Recipe by JackieOhNo!
I have never had an authentic Hot Brown before so I was working from just a basic understanding of the dish when I came up with this version. We enjoyed this while watching the Kentucky Derby and, it was such a hit, that I decided to share it with my friends on Zaar! While there are a few different steps to putting this together, it really is easy and not time-consuming. This actually makes more than enough cheese sauce, so you can be as liberal with it as you want. I saved the remaining sauce to be used over asparagus, broccoli, or a baked potato.
Top Review by ~Nimz~
I'll agree with 2Bleu that this was a little involved for a sandwich but DH really enjoyed it. The bacon is what makes this sandwich. I can't wait to use the bacon on our BLT's this summer when the garden is in full bloom. The sauce needed something but I can't put my finger on what. Maybe some additional spices. All in all a nice dish that I may make again with some experimenting. Thanks for sharing. Made for PRMR
- 8 slices smoked bacon
- fresh coarse ground black pepper
- light brown sugar
- cayenne pepper
- 1 small onion, chopped
- 8 ounces white mushrooms, chopped
- 8 tablespoons butter (1 stick)
- 6 tablespoons flour
- 4 cups milk
- 1⁄2 teaspoon white pepper
- 1⁄2 cup shredded white cheddar cheese
- 1⁄2 cup shredded sharp cheddar cheese
- 1⁄2 cup grated parmesan cheese
- 1 teaspoon salt
- 8 slices hearty white bread (I used Pepperidge Farm Farmhouse Soft Hearty White)
- 1 lb sliced deli turkey
- 1 large beefsteak tomato
Directions See How It's Made
- Prepare bacon: Preheat oven to 400 degrees. Line jelly-roll pan with parchment paper. Lay out slices of bacon (do not overlap). Sprinkle with black pepper, brown sugar and cayenne (as your taste dictates - I only used a touch of cayenne for a hint of heat). Bake for 10-12 minutes until nice and crispy. Remove from pan and drain on paper towel-lined plate. Set aside.
- Meanwhile, while bacon is cooking, make cheese sauce. Melt butter in a large saucepan over medium heat and add onion and mushrooms. Saute until onions are translucent and mushrooms are soft. Stir in flour, 1 T. at a time, and cook for about 1 minute. Season with salt and white pepper. Slowly stir in milk (about 1 cup at a time) until it is fully incorporated and flour is well-blended. Cook, stirring frequently, until mixture has thickened. Add cheeses, 1/2 cup at a time, stirring to blend well. Remove from heat and set aside.
- To assemble sandwiches, Preheat broiler.
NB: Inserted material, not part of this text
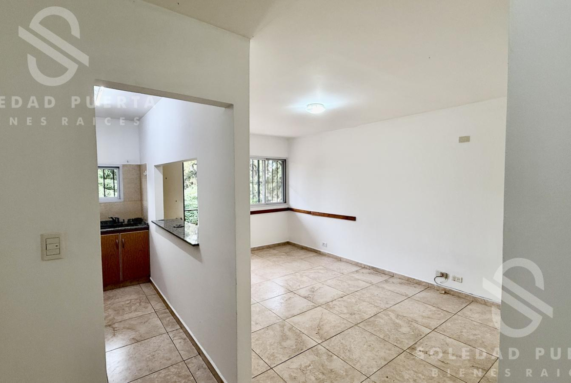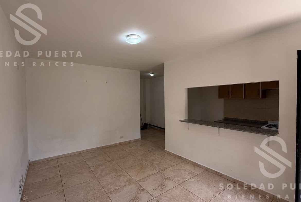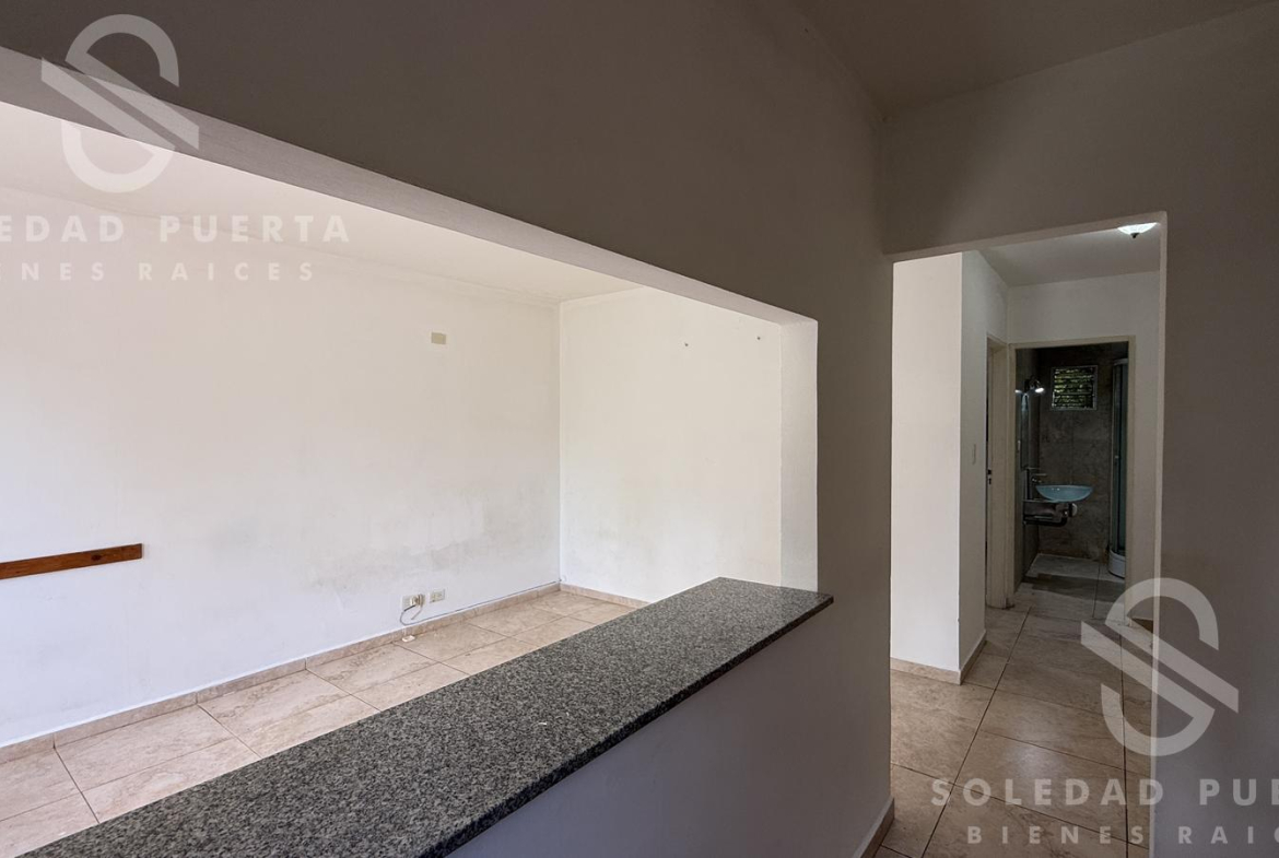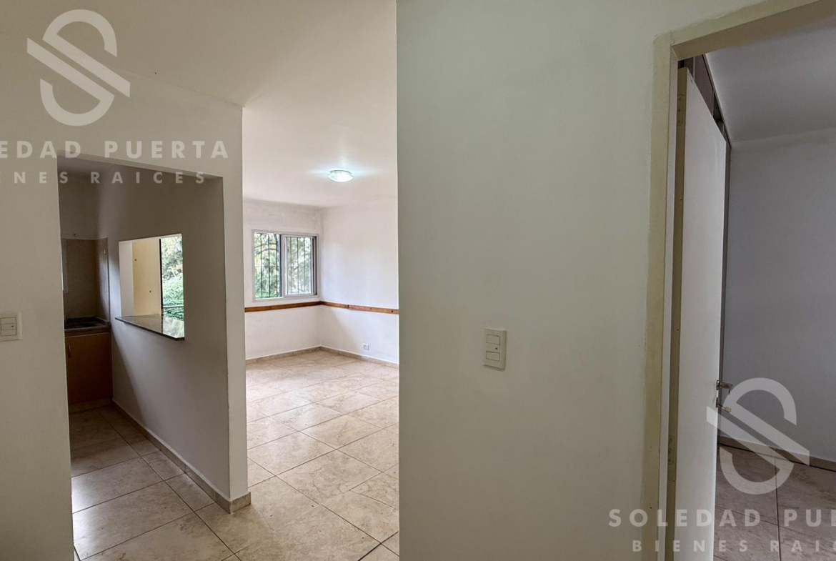 Al ingresar encontramos el living comedor con buena luz natural y una cómoda cocina, con barra pasaplatos. El departamento cuenta con un amplio pasillo de distribución que permite generar un espacio de trabajo o sumar lugar de guardado.
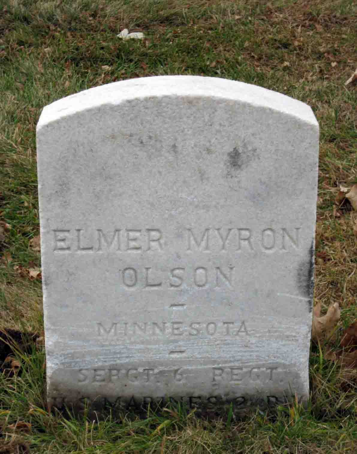 Here is his grave marker, in Crystal Lake Cemetery, Minneapolis, MN. I have added a photo to the memorial and suggested adding his birthdate and some biographical material to Find A Grave. The URL is https://www.findagrave.com/.../100738219/elmer-myron-olson

Toast bread slices to a medium-golden color and lay out on shallow-rimmed baking pans. (You will probably need 2 to fit all the bread slices.) Divide sliced turkey breast evenly among the bread slices, folding to fit on the bread. Ladle reserved cheese sauce over turkey and toast. (I used a ladleful for each sandwich.) Slice tomato in 8 slices and place on top of sandwiches. Slice bacon slices in half and set aside. Place each baking pan under broiler, one at a time, and broil until browned and bubbly. After removing from broiler, put bacon slices on top (arranged in an X) and serve.
- Note: Any leftovers reheat very well. You can just run them under the broiler again or bake in a 400-degree oven for a few minutes.